§ What the task asks: The answer should hold only the lines from the one containing "The RED Pro" through the one containing "Spun from a" in the entries below, copied exactly, without pictures.

***** Data to process *****

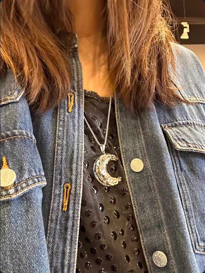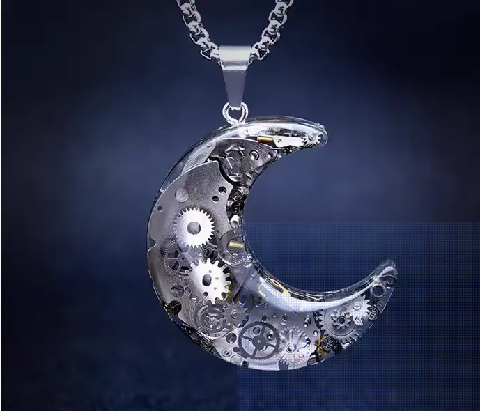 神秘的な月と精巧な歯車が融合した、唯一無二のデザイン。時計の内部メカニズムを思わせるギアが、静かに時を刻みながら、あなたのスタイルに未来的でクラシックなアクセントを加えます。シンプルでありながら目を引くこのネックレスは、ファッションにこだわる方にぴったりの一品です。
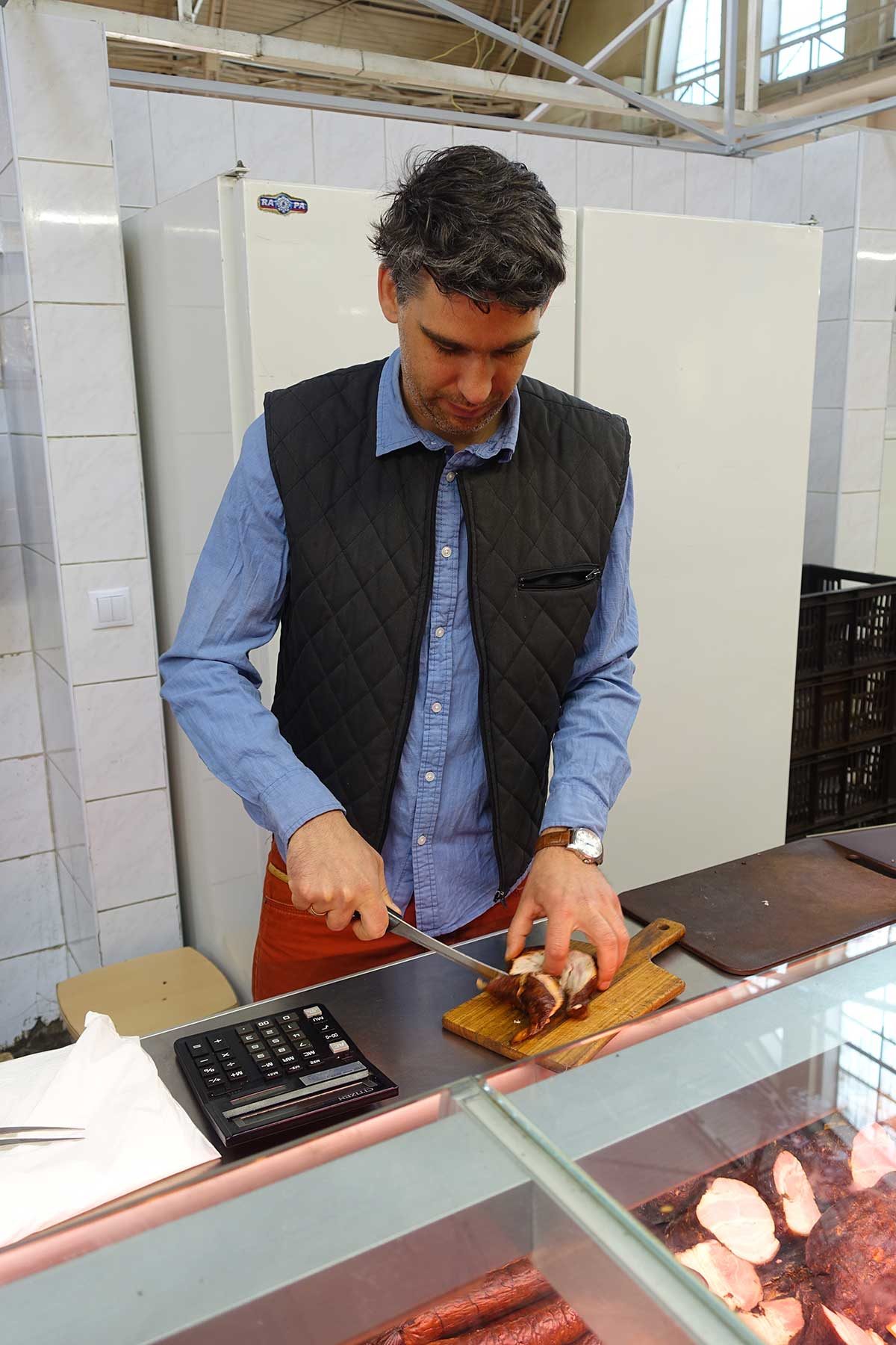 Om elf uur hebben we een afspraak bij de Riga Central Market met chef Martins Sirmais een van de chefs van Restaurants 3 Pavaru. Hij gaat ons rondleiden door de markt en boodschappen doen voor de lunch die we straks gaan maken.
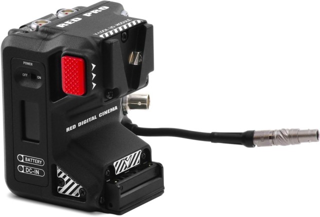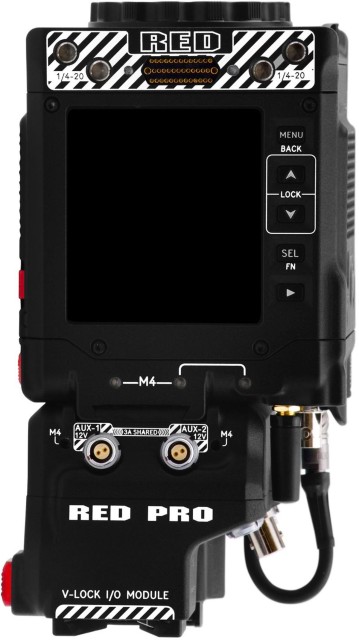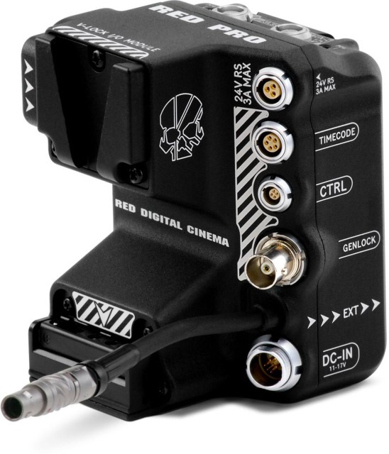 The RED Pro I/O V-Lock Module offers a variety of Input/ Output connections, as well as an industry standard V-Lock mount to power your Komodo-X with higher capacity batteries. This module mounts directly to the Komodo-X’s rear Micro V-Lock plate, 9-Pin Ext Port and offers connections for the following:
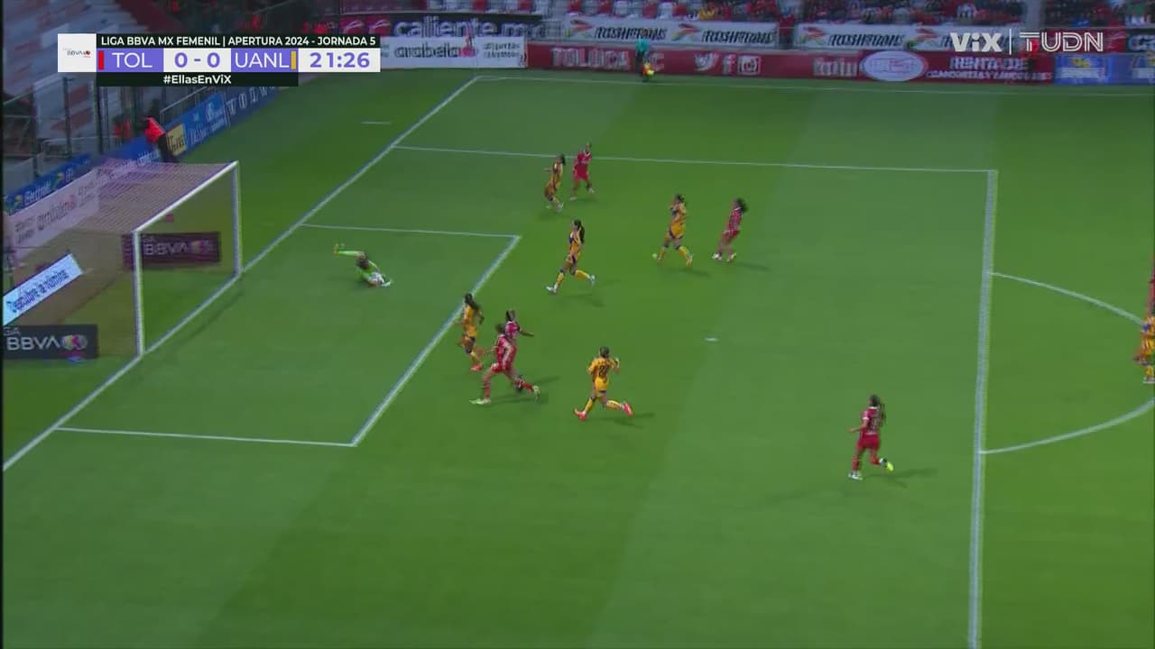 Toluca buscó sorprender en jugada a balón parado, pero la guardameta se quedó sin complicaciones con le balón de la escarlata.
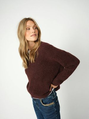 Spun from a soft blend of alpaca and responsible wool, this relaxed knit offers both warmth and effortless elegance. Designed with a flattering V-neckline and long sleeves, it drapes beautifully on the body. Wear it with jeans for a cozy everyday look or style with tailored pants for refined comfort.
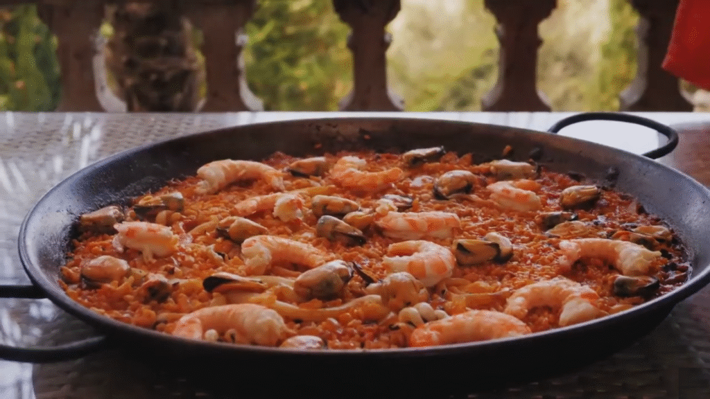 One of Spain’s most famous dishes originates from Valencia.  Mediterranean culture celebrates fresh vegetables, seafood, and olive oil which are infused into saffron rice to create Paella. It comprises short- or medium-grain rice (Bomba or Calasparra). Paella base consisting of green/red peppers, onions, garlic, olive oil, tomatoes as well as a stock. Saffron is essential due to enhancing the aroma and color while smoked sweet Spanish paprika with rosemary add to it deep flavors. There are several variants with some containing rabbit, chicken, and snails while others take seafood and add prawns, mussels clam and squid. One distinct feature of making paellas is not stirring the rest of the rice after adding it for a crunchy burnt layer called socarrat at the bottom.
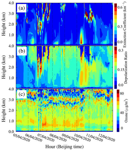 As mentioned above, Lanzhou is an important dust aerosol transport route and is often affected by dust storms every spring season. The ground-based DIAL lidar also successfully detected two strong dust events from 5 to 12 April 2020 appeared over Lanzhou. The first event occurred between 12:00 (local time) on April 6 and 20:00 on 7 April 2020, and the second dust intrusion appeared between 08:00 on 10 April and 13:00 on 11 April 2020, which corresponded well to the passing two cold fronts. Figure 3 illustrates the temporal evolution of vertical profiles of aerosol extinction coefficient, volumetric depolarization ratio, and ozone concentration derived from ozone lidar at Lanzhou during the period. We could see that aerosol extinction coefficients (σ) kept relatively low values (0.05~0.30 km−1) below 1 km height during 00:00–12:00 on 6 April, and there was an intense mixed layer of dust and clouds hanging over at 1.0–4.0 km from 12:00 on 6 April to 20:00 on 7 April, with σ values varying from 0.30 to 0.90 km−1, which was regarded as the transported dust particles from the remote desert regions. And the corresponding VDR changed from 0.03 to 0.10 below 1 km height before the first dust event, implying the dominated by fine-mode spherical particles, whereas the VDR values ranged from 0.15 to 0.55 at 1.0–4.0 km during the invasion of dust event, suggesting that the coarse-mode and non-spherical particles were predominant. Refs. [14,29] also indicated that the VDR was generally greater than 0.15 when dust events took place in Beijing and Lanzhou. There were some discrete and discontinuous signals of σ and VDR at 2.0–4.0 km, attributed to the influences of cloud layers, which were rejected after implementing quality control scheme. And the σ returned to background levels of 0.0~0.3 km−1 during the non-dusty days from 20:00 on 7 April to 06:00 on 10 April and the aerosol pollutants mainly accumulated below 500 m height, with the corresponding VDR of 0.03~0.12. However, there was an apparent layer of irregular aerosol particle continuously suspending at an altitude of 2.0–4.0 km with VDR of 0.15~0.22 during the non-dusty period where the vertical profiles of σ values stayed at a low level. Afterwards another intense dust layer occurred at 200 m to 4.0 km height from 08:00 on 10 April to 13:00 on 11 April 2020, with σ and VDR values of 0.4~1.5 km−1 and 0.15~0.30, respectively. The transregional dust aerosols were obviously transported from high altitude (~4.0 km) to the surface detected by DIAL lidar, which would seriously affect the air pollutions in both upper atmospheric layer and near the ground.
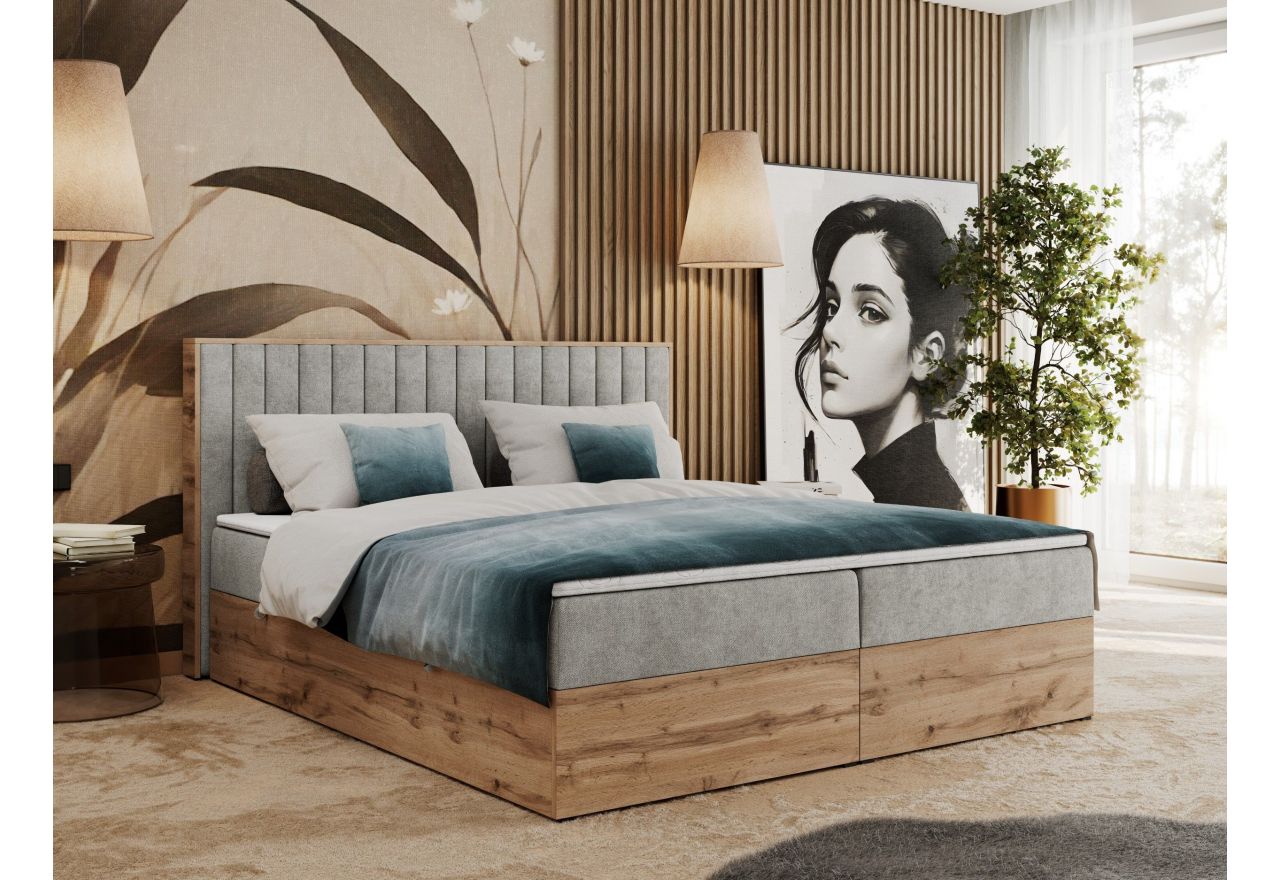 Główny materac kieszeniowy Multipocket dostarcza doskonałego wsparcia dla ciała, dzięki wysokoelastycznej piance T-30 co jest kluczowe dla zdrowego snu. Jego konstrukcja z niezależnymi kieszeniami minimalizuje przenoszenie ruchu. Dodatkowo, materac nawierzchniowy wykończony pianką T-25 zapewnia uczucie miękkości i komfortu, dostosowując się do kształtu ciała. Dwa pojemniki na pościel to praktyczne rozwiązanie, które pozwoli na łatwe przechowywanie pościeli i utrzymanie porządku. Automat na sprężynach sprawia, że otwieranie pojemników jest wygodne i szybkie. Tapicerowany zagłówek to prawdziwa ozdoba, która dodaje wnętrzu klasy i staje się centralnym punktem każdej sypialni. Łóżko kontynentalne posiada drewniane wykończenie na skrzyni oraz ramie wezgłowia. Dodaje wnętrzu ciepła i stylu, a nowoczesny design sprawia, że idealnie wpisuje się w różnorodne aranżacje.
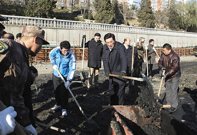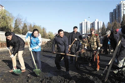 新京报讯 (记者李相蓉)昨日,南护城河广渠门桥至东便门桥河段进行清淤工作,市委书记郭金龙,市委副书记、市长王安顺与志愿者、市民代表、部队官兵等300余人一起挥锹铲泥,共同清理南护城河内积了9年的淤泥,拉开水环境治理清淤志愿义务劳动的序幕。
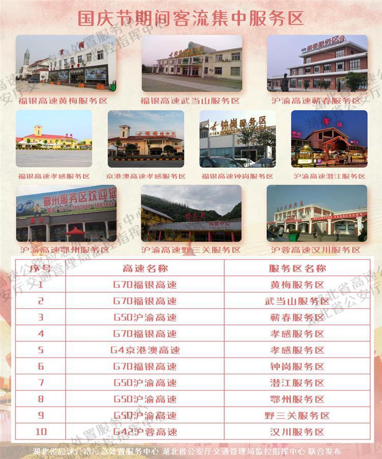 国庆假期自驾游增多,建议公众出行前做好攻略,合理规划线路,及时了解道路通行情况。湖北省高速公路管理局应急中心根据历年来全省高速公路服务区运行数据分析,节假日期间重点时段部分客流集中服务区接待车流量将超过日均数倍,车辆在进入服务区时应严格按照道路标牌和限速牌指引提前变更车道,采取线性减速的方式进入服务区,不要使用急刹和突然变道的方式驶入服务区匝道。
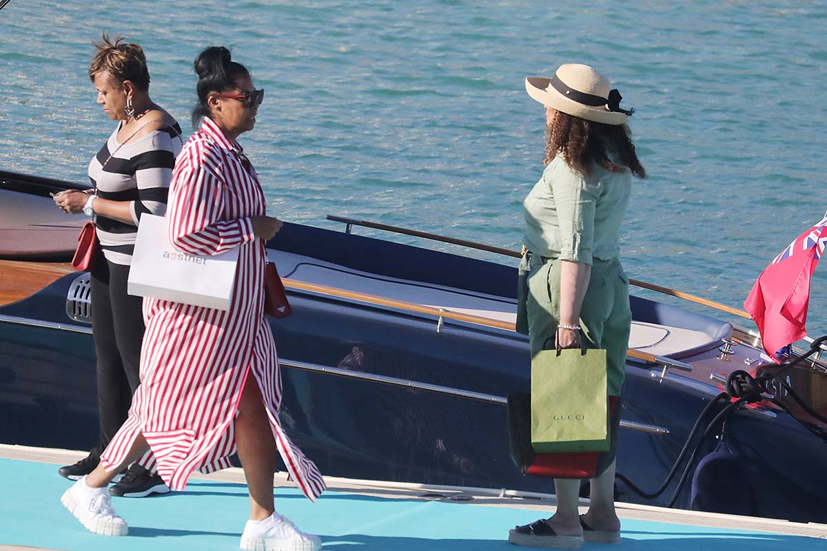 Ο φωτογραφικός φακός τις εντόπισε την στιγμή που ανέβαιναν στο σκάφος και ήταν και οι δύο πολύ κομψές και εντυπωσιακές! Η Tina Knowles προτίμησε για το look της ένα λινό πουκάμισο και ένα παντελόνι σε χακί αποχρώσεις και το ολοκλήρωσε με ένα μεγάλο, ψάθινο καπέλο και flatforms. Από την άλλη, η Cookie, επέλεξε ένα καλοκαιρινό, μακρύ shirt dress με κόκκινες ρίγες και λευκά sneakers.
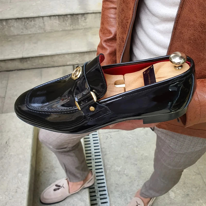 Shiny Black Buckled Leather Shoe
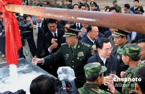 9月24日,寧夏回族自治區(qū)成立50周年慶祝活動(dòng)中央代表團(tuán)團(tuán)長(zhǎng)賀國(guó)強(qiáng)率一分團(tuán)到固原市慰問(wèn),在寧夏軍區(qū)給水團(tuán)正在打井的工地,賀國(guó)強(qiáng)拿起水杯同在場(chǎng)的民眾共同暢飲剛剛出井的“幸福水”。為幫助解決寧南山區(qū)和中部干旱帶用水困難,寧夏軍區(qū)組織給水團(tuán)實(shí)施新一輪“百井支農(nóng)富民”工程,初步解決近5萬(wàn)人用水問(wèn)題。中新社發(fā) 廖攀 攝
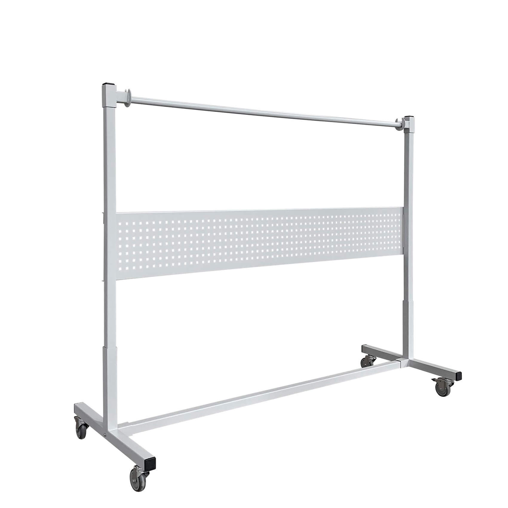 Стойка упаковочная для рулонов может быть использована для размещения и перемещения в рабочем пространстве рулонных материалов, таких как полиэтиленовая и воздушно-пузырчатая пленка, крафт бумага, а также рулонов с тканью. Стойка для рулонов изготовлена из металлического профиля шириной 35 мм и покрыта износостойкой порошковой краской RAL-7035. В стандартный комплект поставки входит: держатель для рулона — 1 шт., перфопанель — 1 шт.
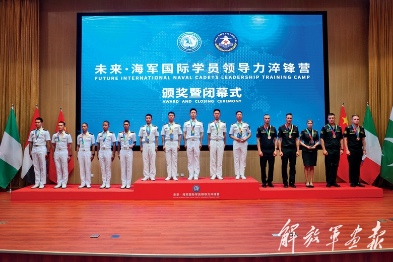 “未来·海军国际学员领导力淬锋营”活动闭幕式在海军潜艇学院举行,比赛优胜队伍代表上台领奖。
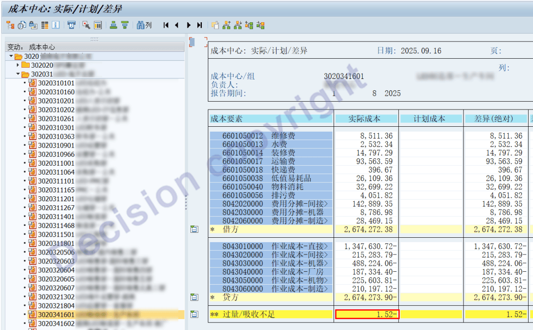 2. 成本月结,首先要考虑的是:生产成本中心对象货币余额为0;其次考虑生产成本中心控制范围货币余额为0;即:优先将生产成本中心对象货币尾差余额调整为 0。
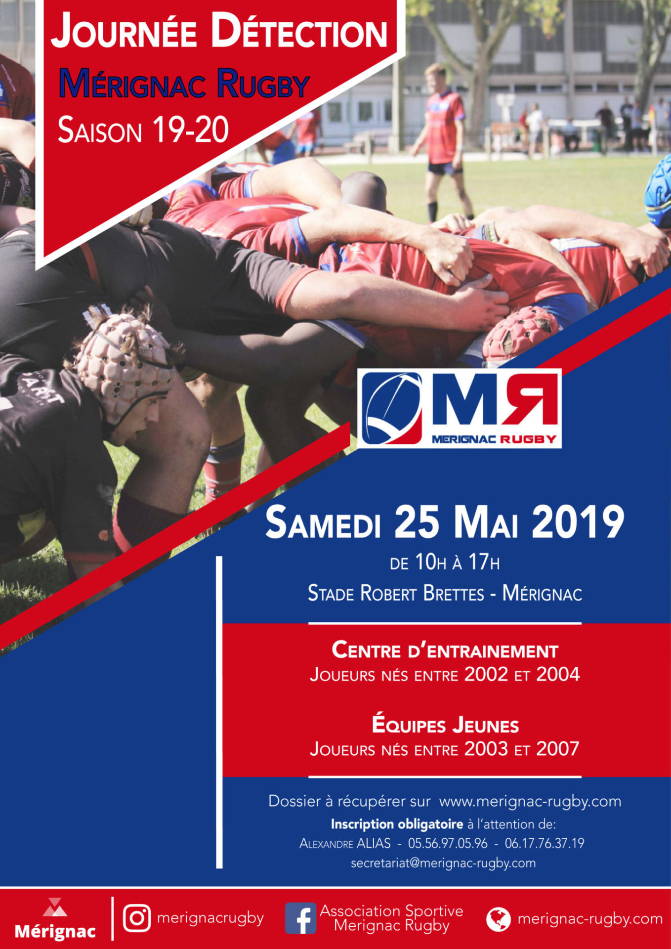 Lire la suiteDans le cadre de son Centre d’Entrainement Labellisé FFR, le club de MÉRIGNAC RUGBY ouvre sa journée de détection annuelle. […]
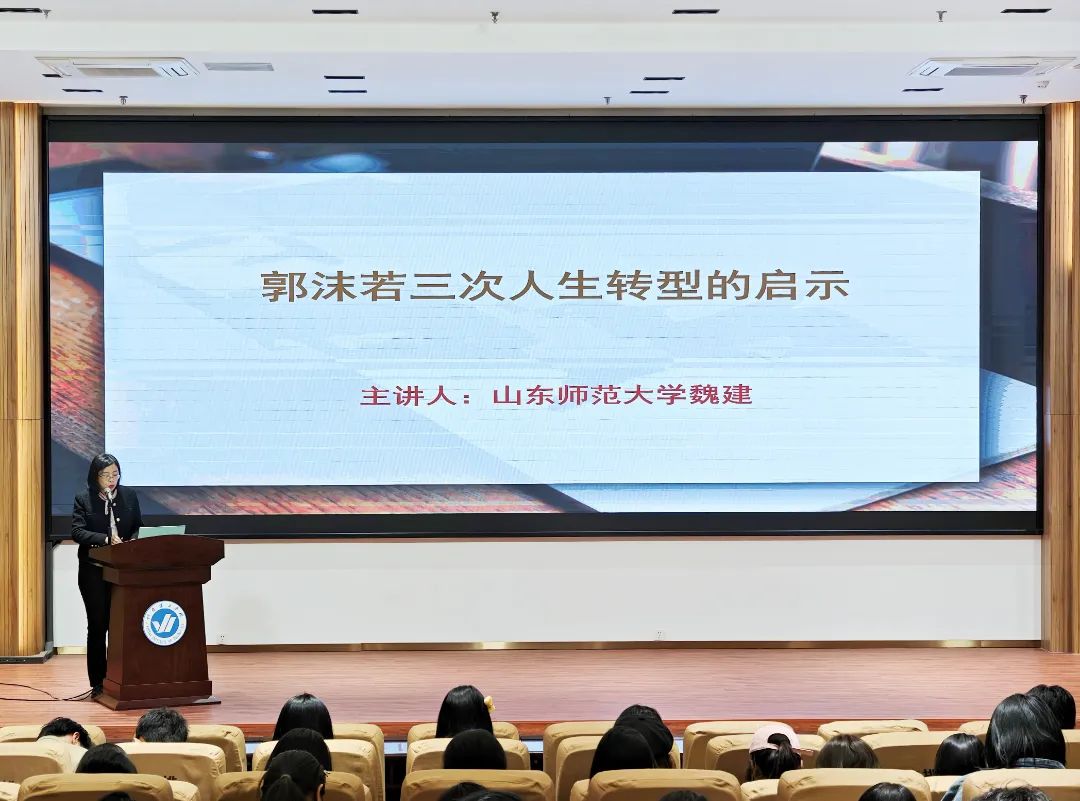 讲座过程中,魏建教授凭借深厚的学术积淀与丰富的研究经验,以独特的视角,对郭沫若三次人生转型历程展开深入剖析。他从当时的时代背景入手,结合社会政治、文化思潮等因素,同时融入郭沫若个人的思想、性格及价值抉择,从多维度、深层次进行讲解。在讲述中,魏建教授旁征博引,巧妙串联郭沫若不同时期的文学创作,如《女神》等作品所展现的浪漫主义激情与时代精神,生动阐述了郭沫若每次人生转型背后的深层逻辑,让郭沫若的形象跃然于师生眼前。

*****

§ Task answer:
 The RED Pro I/O V-Lock Module offers a variety of Input/ Output connections, as well as an industry standard V-Lock mount to power your Komodo-X with higher capacity batteries. This module mounts directly to the Komodo-X’s rear Micro V-Lock plate, 9-Pin Ext Port and offers connections for the following:
 Toluca buscó sorprender en jugada a balón parado, pero la guardameta se quedó sin complicaciones con le balón de la escarlata.
 Spun from a soft blend of alpaca and responsible wool, this relaxed knit offers both warmth and effortless elegance. Designed with a flattering V-neckline and long sleeves, it drapes beautifully on the body. Wear it with jeans for a cozy everyday look or style with tailored pants for refined comfort.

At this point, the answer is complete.